The stories and science of the Star Lab have remained with me. I took a course in college on astronomy and one of my majors was Classical Civilization: the study of ancient lands and their history, culture, mythology, languages, and texts.

 

I never had an ag in the classroom program visit my elementary school, but I know I would have loved it as a student. I would have loved to learn about all the ways corn is used, including to make ethanol for gasoline and dissolvable packing peanuts. I would have been fascinated by pollinators and the fact that one out of every three bites of food you eat depends on bees. I would have read more about specialty crops grown in Illinois, including pumpkins and horseradish.

 

Like the Star Lab, Cook County Farm Bureau’s ag in the classroom program is an opportunity for students to have a crash course in an interesting subject without having to leave their school building. We call our presentations “in-school field trips,” and I think that the name is fitting. We bring history, science, and agriculture into classrooms. Our presenters use a Google slideshow, but they incorporate hands-on activities, science experiments, and interactive games into their presentation.

 

I was able to observe two of our presenters in the classroom in late September.

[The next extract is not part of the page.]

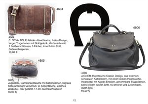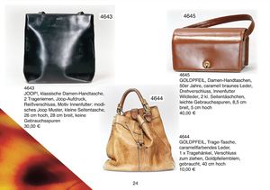 GOLDPFEIL 1 ausgefallene Damenhandtasche, markiert Modell Goldpfeil, Farbe Tan, ca. 60er Jahre, festes Leder, ausgefallener Verschluß mit Orig.- Schlüssel, Innenfutter Stoff, Orig.- Goldpfeilmuster, Lederhenkel, Gebrauchsspuren, 33 cm breit, 20 cm hoch, dazu 1 Goldpfeilhandtasche, Leder mit Gebrauchsspuren, Druckknopf, Innenmuster, Stoff-Goldpfeilmuster, Zusatz-Verschluß mit Lederband, 31 cm hoch

Although I knew all of the material and information they were presenting because I helped create the slideshow, I was enthralled during both presentations. The presenters knew how to gather their audience’s full attention. I wanted to raise my hand and participate along with the students. I wanted to play the games and answer questions.

 

The excitement of the students was infectious, too. After years of remote and hybrid learning, having a classroom visitor was a special occasion. The students were eager to learn, ready to participate, and engaged the entire time.

 

During the presentations, I was also reminded of the joyful energy and precociousness of youth. Comments they made to the presenters included, “What would happen if aliens took all the pigs?,” “My dad eats chicken hearts,” “I’ve never had Lucky Charms,” and “I love engineering! I have two Lego sets at home.” One student guessed that Old MacDonald was the first farmer in Cook County. At the end of a presentation, one student asked the presenter if he gets paid for his presentations “because you did a good job and that was a lot of information.”

 

The goal of our program is to bring agricultural education to students. One in five of those students will one day work in an agriculturally-related career field. They will be chefs, scientists, horticulturalists, truck drivers, grocery store employees, and maybe even farmers. I hope our in-school field trip sparks their curiosity and that they get bitten by the agricultural bug. Maybe they will take an agronomy course in college or major in agricultural science. The opportunities are endless, and so are the possibilities.